There are good views  from the saddle, far better than from a car. I can see groups of gold finches mucking about along the hedgerow tops on the way to Woolstone.  Further on ,where the deep cut stream disappears behind buildings , I can see   right  into the heart of every garden I pass . Flush with the lane., chalk built “ Mione” Cottage with its cluttered plastic conservatory bulging from its side has three large and elaborate summerhouses  packed into its small patch. One of them looks  like a beach  house in the Hamptons, with pale blue clapbaording and white sash windows. There is also a small trampoline, a laden washing  line, several  blue plastic bags of rubble, sudden patches  of crazy paving, overgrown shrubs,weed filled pots  and  a dead van. The modern house next door is the polar opposite.. Around the  large sweep of  tarmac there are weedless,bark mulched beds planted with rigid rows of hybrid tea roses., an off the shelf  arched bridge over the stream and  a pair of perfectly functioning  electronic gates, through which emerges, at exactly 8.45,  a pristine, silver jaguar  which  heads in the Swindon direction. I follow at a walk up the steep hill out of the village where , all over the banks, there are white dog tooth violets looking like drifts of wind  thorn blossom. The chemical sprayers are out in the spring barley  fields, looking like alien monsters. Their  thin arms stetch out  in a fifty foot span from the gigantic cottage sized body of the tractor . But for the crop, nothing in their wake survives.
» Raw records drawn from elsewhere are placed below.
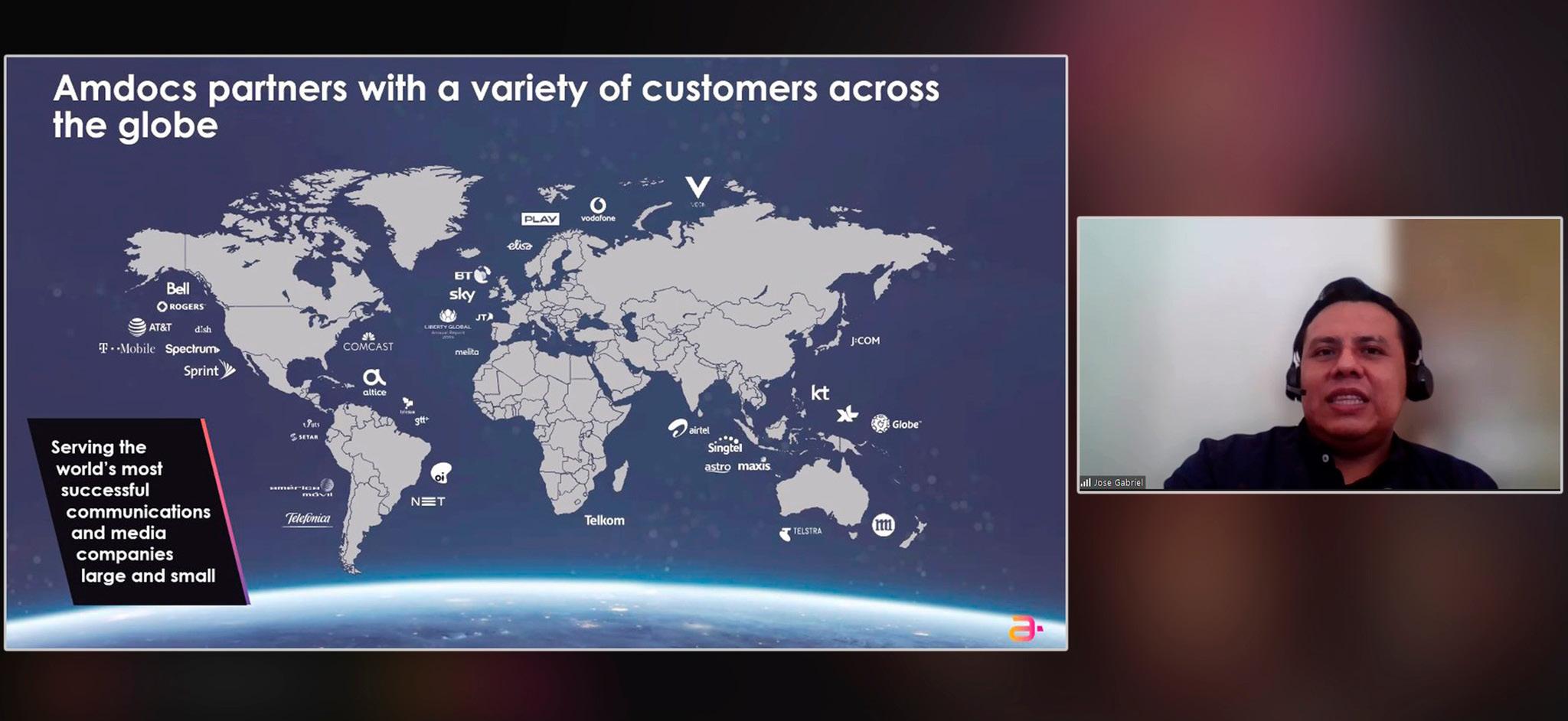 Señaló que Amdocs es una compañía que se dedica a dar soluciones a compañías de telecomunicaciones: “Va más allá de ser una empresa de software”; asimismo, dijo que tiene más de 30 mil empleados alrededor del mundo, más de 40 años de experiencia en la industria de comunicaciones, y que es una empresa nacida en Israel.
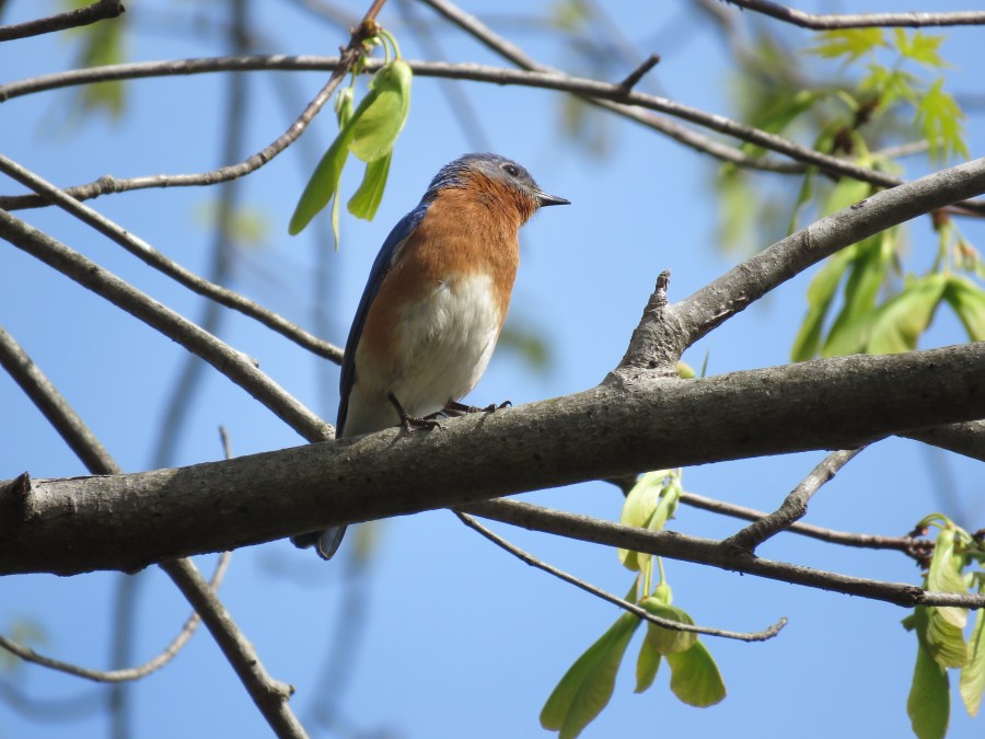 Male bluebird on a maple branch this morning at Pony Pasture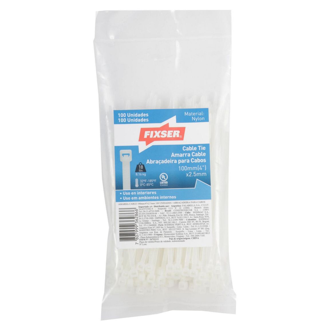 ¡Optimiza tus instalaciones eléctricas con los cintillos blancos de Fixser! Estos prácticos amarra cables, con medidas de 100 mm de largo por 2.5 mm de ancho, son la solución perfecta para mantener tus cables organizados y seguros. Su diseño discreto y color blanco se integran a la perfección en cualquier ambiente, brindando una presentación impecable.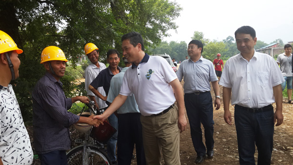 2014年8月8日上午,上饒市委書記陳俊卿一行來到我公司承建的玉山縣樟村鎮(zhèn)防洪工程檢查指導工作。來到施工現(xiàn)場,陳俊卿書記一行頂著炎炎烈日,深入查看并了解了防洪工程的投資規(guī)模和施工生產(chǎn)建設(shè)情況,隨后,項目部經(jīng)理楊小貴對項目完工后將產(chǎn)生的防洪生態(tài)效益作了簡單介紹,陳俊卿書記聽后非常高興,他指出,項目部和承建單位要齊心協(xié)力,加強安全生產(chǎn)管理,確保工程順利完工,早日造福當?shù)匕傩铡W詈螅惪∏鋾涍€詢問了施工人員的生活情況,叮囑項目部既要保證工程施工進度,也要注意防暑工作,讓員工家屬放心。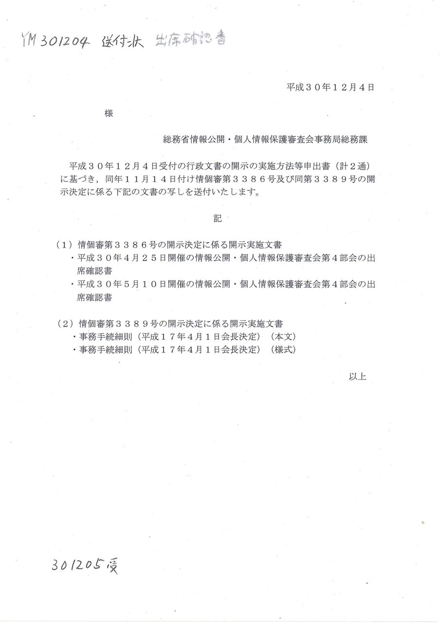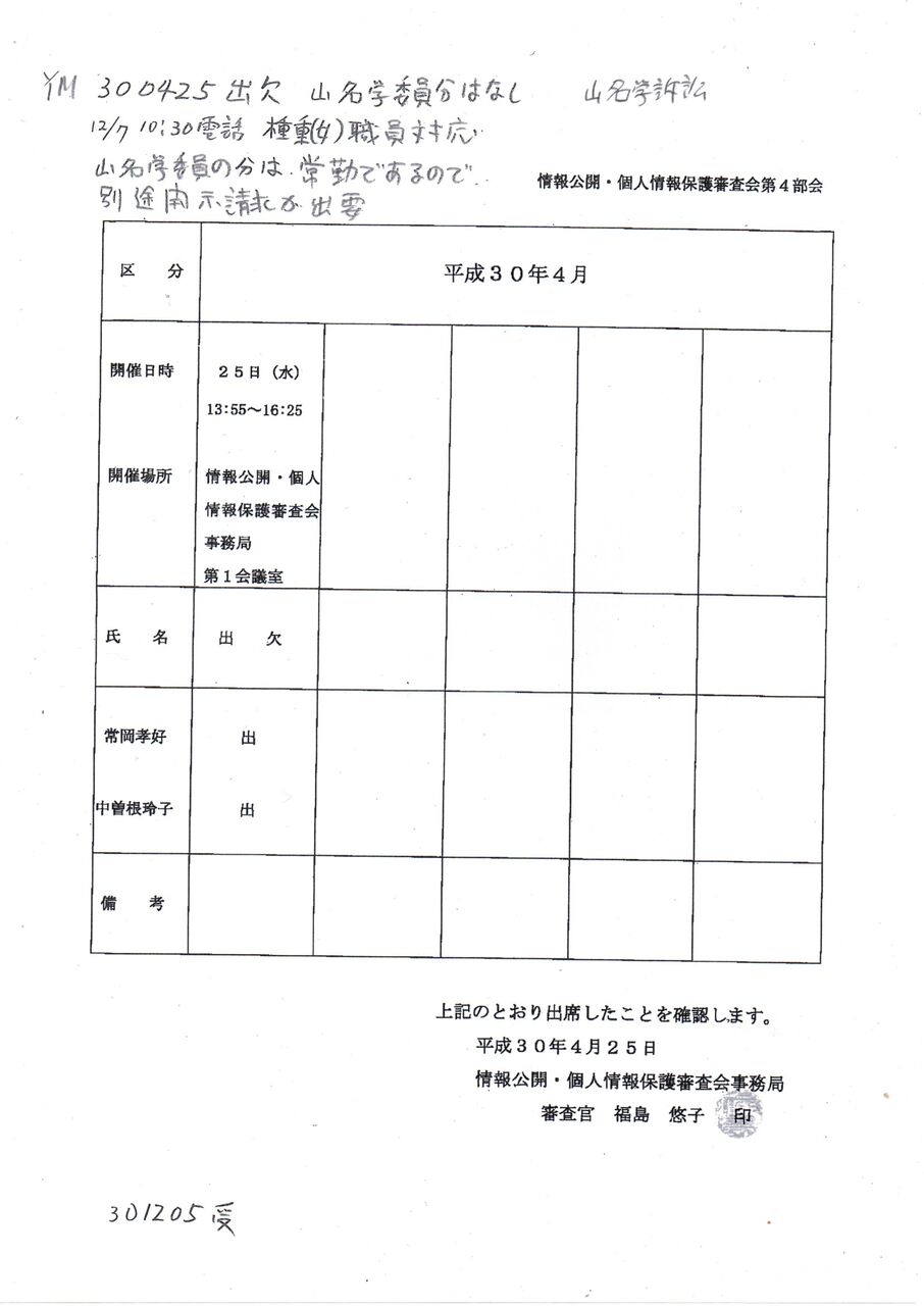 画像版 YM 平成30年12月4日 出席確認書 山名学訴訟 福島悠子審査官

There are no bugs and no birds as a result. Its  dead country.. Where do the field mice go? There is an unnatural , dry cleaner’s smell in the air . The high hedge up to the Ridgeway half safeguards the roadside verges from chemical drift but still there are far too many nettles and docks. There are a thousand or so seagulls in Marcella’s pasture land high up beside Uffington Castle. Each one is spaced five yards from the next . More seem to be plaining  down and finding an empty spot. I do not know what they are waiting for. A cheery  man wearing royal blue trainers  and pushing a bike up the steep chalk gully says “Good Morning”. This is unusual because fellow Ridgeway travellers usually say “Hiya” which is a strange word in itself,  or they  look down as though they haven’t seen you and say nothing atall.